A few years ago the show Who Do You Think You Are? debuted on TLC. I tuned in mostly because family history, and not just mine, has always fascinated me. I remember my high school friend telling me stories about her German grandparents and their experience during WW2. I hung on her every word. Another friend shared with me her mother’s first love and how after decades they reconnected and rekindled their romance. When she tells the story, I picture her young mother, ever the Bohemian, with her long, tawny blonde tresses matching her long, tanned legs traipsing the English countryside with her beau. Recently a friend started to tell me about her family’s lengthy Parisian history and I made her stop so I could get myself a hot chocolate and really hunker down and listen to her stories.

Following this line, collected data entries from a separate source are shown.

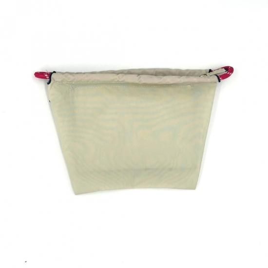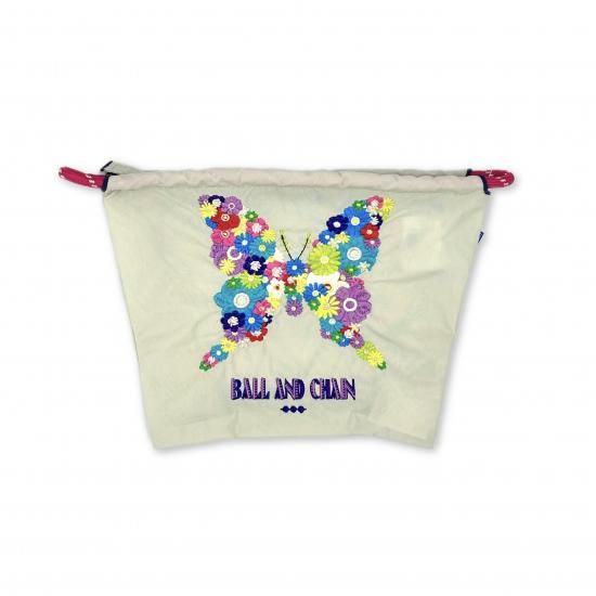 厚手のナイロン生地に刺しゅうでデザインを施したポーチは、耐久性に優れ、折りたたむとコンパクトになり、持ち運びにも便利です。
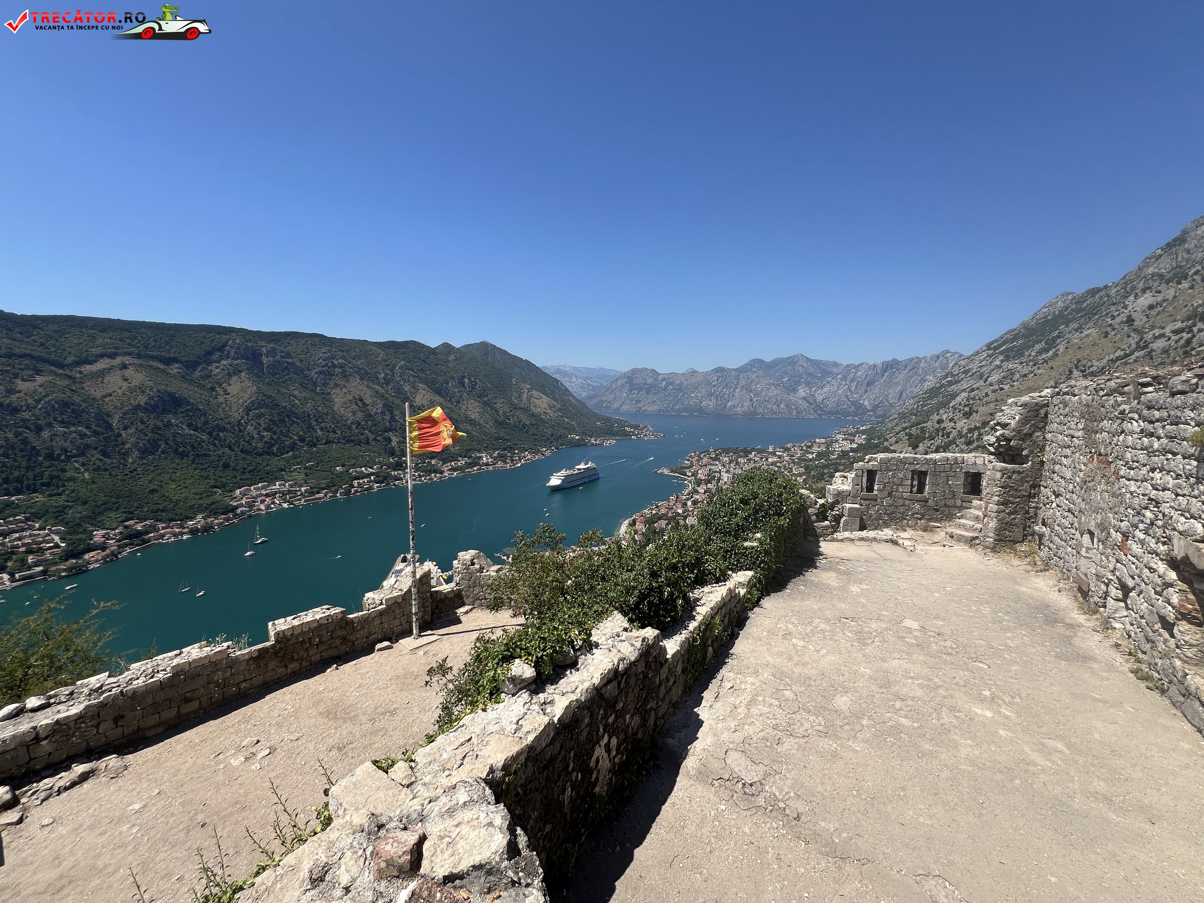 Odată ajuns la fortăreață, ești recompensat cu unele dintre cele mai spectaculoase vederi din Muntenegru. Golful Kotor, cu apele sale albastre adânci, înconjurat de munții abrupți și orașul vechi bine conservat, creează un peisaj deosebit de pitoresc. Această priveliște este una dintre cele mai fotografiate din Muntenegru.
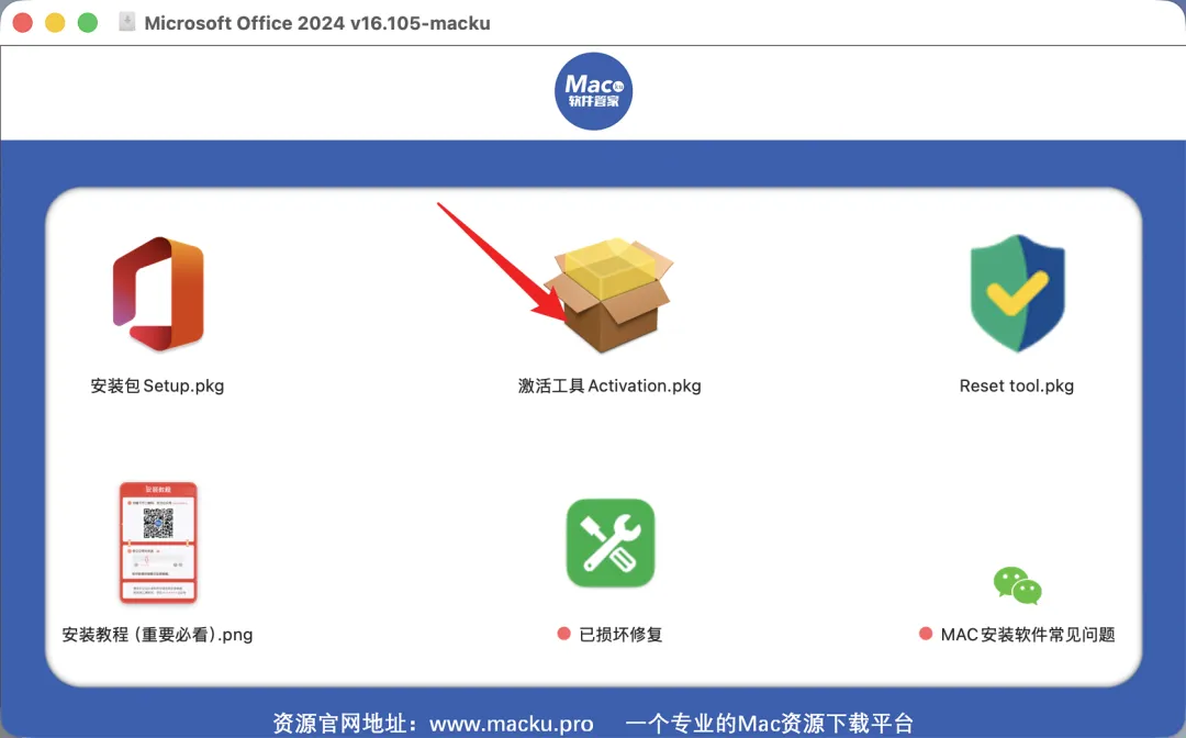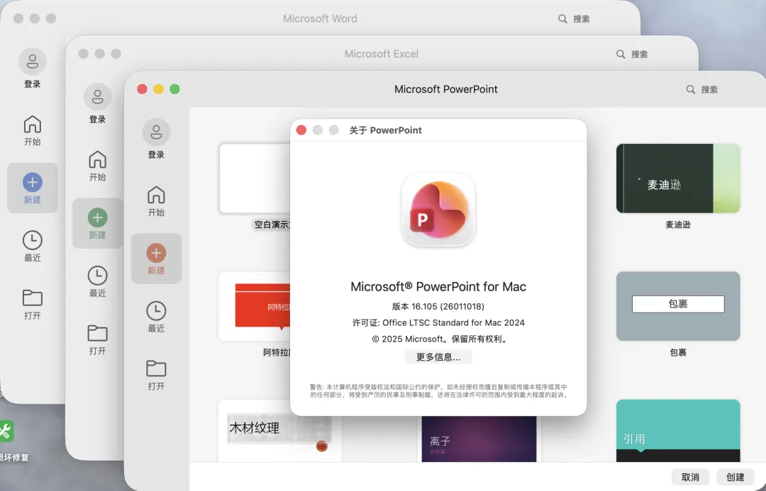 软件介绍Microsoft Office2024 包含了新版本的 Word、Excel、PowerPoint 以及现有的 OneNote 和 Outlook 等组件组成,完美支持 OS X El Capitan、Yosemite 以及 Retina 高分辨率视网膜屏幕。支持包含简体中文在内的多国语言、支持全屏模式、支持沙箱、集成 OneDrive 云存储、支持在线协同编辑功能。Office的各个应用程序都有各自独特的功能和特点。例如,Word是一个文本编辑器,用户可以用它来创建和编辑各种文档,包括文字、图像、表格等;Excel是一个电子表格应用程序,用户可以用它来处理和分析数据,制作各种图表和报表;PowerPoint则是一个演示文稿工具,用户可以用它来创建和分享演示文稿,用于会议、演讲等场合。除了这些常用的应用程序外,Office还包括其他一些组件,如Outlook、Access等。Outlook是一个电子邮件客户端和管理器,用户可以用它来管理电子邮件、日历、联系人和其他个人信息;Access则是一个数据库管理工具,用户可以用它来创建和管理数据库。Office还提供了许多高级功能和特性,如云存储、在线协作、智能数据分析等。通过这些功能,用户可以更加高效地完成各种办公任务,提高工作效率和决策能力。常见问题1.Mac安装软件常见问题集合(腾讯文档):https://docs.qq.com/doc/DUFRLTWFlQnlWcW9p
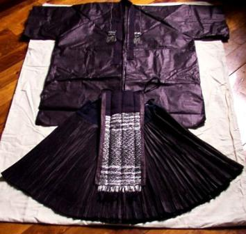 苗族锡绣制品的前后裙片背搭不仅图案有所区别,而且在工艺流程上也不相同。前裙片的制作是先在未经浸染的白色棉布上用黑色棉线将图案绣成,然后浸染浆制, 最后将图案上的棉线挑出,再用小锡片将其包裹并镶边而成;后裙片及背搭所用的面料则是用预染好的彩色棉线(暗色调)按一定的图纹织成.底纹绣制分两道工序,先用单色棉线按传统图案刺绣,然后用彩色丝线(暗)在图案的空隙补绣其它花饰,锡片沿单色图案包裹完成后,其效果是在锡纹的间隙中还可见到丝线绣制的彩色暗花。

I love hearing about where people have come from. The colourful characters that make up a family, the experience that turned the fortune of a family, how generations influence and hold power, consciously or unconsciously . . . I can’t get enough of it.
It didn’t take many episodes of Who Do You Think You Are? for me to fall down the rabbit hole at Ancestry.ca. I spent countless hours clicking through the website and more money than I care to admit on my membership. Every day I discovered something new about my family and the proof was there – a signature on a marriage certificate scrawled by my great-grandmother, a death certificate of baby only few living relatives know about, a census record indicating settlement in the exact neighbourhood my husband spent his childhood.
The information was plentiful and I knew that I wanted to preserve it for my own children. After researching the merits of several Etsy artists and their family trees, I knew that I wanted something more and a book, that I could design, was the best way for me to compile the information I had gathered.
I used the on-line book making website, Blurb, and had great success in creating my book. I am now in the final stages of editing and I feel ambivalent to hit publish. A family’s history is never really told. There are stories that have been buried long ago and stories that have yet to be told.